__Action item__.
Show the lines of the material that contain the word "with".

__Extracted information__.
^^^^
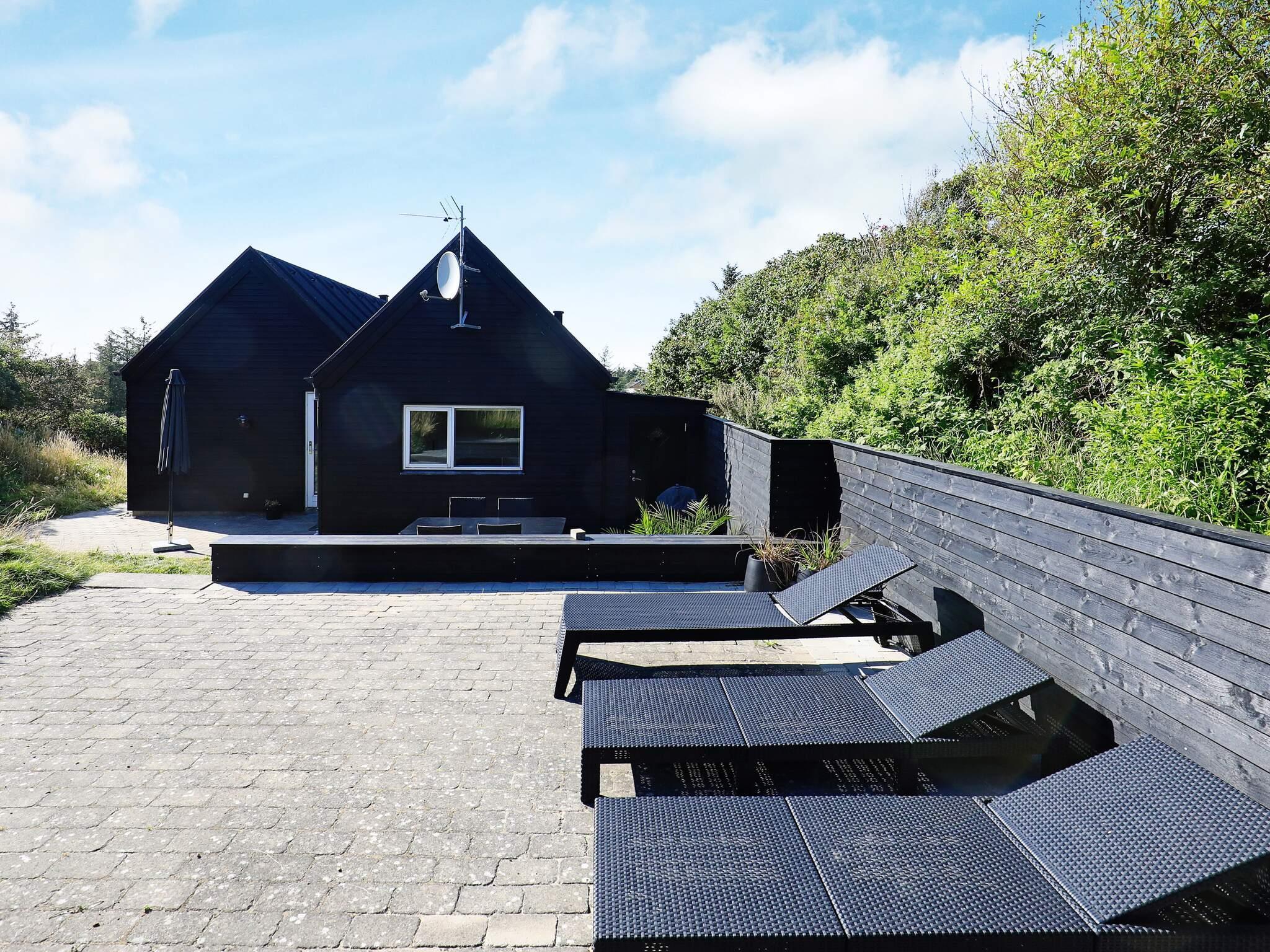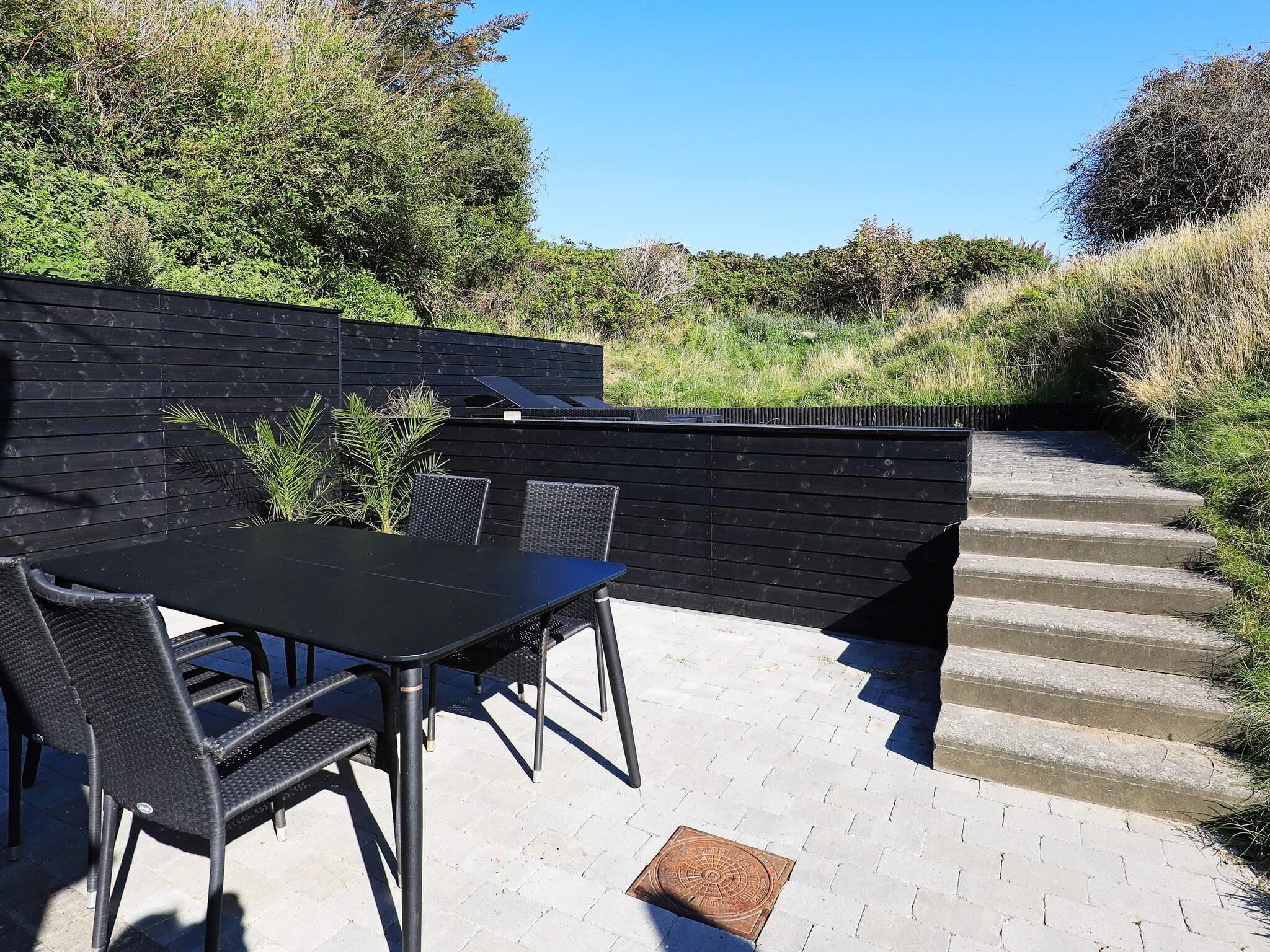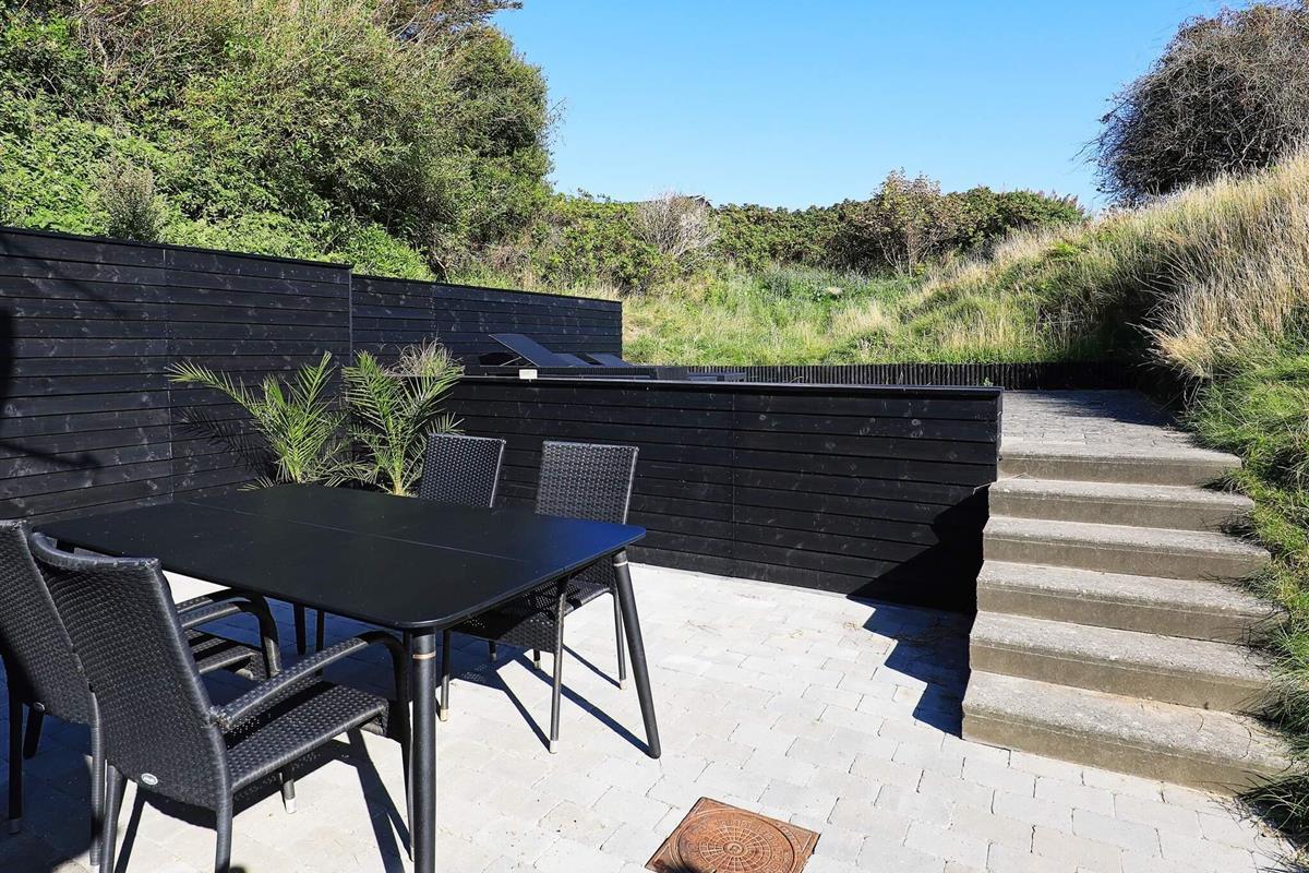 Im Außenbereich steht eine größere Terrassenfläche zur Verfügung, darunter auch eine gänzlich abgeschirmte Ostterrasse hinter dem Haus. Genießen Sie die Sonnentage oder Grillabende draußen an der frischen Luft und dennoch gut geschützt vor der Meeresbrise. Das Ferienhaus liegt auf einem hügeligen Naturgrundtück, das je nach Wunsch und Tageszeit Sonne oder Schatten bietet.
^^^^
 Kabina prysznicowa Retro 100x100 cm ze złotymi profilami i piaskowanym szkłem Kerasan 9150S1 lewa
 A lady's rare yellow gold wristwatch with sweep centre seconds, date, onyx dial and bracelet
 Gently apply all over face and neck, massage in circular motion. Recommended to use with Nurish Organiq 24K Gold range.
^^^^
__Response to the exercise__.
 A lady's rare yellow gold wristwatch with sweep centre seconds, date, onyx dial and bracelet
 Gently apply all over face and neck, massage in circular motion. Recommended to use with Nurish Organiq 24K Gold range.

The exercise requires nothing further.